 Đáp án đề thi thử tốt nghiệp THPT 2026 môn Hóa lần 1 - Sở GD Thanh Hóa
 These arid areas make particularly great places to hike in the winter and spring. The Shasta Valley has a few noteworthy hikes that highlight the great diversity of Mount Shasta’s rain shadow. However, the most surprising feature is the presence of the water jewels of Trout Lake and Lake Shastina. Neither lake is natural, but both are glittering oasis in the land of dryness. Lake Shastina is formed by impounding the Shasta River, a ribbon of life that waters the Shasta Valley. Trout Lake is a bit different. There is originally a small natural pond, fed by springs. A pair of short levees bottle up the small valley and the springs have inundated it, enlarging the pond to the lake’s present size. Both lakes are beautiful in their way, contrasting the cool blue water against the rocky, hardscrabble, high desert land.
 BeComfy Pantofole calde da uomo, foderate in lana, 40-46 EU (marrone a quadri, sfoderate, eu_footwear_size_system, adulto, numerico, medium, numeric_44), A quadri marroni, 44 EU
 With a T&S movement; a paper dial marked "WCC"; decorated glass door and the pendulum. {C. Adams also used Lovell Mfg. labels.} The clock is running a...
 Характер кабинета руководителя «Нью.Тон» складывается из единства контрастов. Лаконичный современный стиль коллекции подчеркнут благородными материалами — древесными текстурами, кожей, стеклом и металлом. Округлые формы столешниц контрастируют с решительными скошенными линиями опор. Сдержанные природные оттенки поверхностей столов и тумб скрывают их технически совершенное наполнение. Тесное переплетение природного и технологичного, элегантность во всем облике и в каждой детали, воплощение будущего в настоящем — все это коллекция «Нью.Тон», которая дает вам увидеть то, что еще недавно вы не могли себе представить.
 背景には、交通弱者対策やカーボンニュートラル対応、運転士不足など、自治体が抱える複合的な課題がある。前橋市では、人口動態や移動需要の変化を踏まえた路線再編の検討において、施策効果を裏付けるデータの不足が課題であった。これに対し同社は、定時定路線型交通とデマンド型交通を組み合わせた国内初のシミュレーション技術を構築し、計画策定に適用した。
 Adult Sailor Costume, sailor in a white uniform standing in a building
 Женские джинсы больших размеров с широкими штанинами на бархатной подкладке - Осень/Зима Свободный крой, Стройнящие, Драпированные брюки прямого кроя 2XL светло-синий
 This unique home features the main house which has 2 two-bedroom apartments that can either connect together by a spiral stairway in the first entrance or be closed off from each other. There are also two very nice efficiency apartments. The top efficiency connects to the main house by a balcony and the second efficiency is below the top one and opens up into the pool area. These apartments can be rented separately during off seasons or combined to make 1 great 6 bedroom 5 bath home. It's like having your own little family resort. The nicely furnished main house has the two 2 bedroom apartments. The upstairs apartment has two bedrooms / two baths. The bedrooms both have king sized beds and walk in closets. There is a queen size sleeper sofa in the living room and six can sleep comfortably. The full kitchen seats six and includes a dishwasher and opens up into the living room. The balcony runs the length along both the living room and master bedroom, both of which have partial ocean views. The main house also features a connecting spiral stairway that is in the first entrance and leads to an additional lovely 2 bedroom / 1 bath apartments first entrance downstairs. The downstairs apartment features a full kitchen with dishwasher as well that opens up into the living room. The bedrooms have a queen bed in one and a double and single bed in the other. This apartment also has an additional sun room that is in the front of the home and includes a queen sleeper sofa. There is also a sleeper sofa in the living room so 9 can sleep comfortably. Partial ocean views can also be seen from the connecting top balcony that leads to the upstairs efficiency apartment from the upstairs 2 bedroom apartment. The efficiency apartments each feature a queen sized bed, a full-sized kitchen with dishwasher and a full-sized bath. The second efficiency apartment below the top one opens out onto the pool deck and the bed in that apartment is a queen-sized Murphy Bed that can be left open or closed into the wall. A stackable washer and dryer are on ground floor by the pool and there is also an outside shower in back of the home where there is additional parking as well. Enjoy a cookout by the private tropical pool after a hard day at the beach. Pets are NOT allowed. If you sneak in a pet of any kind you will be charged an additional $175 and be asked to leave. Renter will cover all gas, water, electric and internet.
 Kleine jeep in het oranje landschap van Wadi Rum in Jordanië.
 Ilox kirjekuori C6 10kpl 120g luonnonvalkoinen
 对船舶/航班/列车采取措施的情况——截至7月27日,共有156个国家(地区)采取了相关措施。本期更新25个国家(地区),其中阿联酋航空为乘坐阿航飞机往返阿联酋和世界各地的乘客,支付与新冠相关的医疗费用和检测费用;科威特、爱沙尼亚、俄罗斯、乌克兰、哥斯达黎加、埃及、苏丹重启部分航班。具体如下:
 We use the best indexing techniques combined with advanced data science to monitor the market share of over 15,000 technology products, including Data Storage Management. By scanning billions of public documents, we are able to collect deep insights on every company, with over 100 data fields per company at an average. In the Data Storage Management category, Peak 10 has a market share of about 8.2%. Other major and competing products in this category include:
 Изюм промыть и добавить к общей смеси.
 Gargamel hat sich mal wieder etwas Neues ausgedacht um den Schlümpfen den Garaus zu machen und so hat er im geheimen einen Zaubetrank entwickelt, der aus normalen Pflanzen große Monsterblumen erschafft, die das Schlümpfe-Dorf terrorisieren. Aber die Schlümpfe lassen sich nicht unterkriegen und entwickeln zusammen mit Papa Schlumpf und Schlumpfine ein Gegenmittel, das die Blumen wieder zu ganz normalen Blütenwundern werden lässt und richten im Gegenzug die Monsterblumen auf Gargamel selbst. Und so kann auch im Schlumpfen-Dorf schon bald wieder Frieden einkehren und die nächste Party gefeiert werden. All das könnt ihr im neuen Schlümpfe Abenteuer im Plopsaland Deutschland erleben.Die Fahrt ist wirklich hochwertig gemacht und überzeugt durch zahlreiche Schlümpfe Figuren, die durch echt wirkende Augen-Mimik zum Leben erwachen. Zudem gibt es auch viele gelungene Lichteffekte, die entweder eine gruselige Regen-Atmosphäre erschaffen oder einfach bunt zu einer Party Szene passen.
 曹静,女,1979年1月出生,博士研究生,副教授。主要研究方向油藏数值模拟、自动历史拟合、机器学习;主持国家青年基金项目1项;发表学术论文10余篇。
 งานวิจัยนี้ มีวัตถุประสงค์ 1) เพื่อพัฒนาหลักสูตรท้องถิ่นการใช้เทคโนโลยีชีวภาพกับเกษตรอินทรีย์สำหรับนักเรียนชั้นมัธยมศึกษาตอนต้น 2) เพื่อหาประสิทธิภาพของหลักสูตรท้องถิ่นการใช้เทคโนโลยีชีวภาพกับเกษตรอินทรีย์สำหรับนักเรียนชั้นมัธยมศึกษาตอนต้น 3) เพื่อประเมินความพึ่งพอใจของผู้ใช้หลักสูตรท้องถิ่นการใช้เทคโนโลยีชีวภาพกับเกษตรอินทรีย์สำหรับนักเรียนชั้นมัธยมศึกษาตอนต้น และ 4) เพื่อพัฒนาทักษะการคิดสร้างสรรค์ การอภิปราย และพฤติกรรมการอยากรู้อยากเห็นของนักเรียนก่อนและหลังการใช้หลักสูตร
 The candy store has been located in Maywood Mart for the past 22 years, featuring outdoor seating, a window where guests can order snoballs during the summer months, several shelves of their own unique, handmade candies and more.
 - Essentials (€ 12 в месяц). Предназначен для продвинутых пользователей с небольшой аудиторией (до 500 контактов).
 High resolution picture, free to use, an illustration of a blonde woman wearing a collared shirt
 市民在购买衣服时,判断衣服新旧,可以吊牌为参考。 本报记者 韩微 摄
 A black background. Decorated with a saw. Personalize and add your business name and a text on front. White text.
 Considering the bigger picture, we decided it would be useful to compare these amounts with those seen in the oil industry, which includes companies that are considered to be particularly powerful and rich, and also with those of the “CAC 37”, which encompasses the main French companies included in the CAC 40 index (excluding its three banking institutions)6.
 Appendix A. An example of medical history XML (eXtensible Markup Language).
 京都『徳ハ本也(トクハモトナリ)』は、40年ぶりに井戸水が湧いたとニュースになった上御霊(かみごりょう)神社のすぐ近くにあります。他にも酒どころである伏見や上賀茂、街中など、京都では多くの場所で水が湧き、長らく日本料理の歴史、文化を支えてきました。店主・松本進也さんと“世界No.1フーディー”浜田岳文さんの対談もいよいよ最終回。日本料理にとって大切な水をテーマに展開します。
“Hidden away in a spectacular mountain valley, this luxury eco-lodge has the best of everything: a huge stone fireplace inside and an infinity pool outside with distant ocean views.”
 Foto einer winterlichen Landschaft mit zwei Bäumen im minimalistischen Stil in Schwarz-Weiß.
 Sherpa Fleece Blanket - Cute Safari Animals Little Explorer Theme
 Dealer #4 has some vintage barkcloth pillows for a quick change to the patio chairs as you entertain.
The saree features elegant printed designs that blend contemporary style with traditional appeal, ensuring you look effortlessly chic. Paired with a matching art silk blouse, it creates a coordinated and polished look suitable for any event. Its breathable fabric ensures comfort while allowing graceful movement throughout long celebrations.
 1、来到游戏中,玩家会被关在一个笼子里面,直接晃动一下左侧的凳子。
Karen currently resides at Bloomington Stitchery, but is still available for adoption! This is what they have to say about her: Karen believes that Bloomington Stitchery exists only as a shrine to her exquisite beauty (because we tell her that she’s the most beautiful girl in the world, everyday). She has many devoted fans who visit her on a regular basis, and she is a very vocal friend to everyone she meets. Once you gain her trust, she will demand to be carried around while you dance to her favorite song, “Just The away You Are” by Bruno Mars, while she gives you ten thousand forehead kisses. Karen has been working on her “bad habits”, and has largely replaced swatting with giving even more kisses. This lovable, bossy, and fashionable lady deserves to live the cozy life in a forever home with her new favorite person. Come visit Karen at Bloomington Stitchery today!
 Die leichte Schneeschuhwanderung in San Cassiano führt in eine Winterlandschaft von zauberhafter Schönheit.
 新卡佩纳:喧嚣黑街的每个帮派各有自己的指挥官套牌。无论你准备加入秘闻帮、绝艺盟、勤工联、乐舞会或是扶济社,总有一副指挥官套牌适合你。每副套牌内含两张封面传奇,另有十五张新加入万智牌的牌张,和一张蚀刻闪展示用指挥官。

------------------------------------------------------------

Lines holding "movement": please count them in the data above and reply with the number alone.

# EXPECTED OUTPUT:
2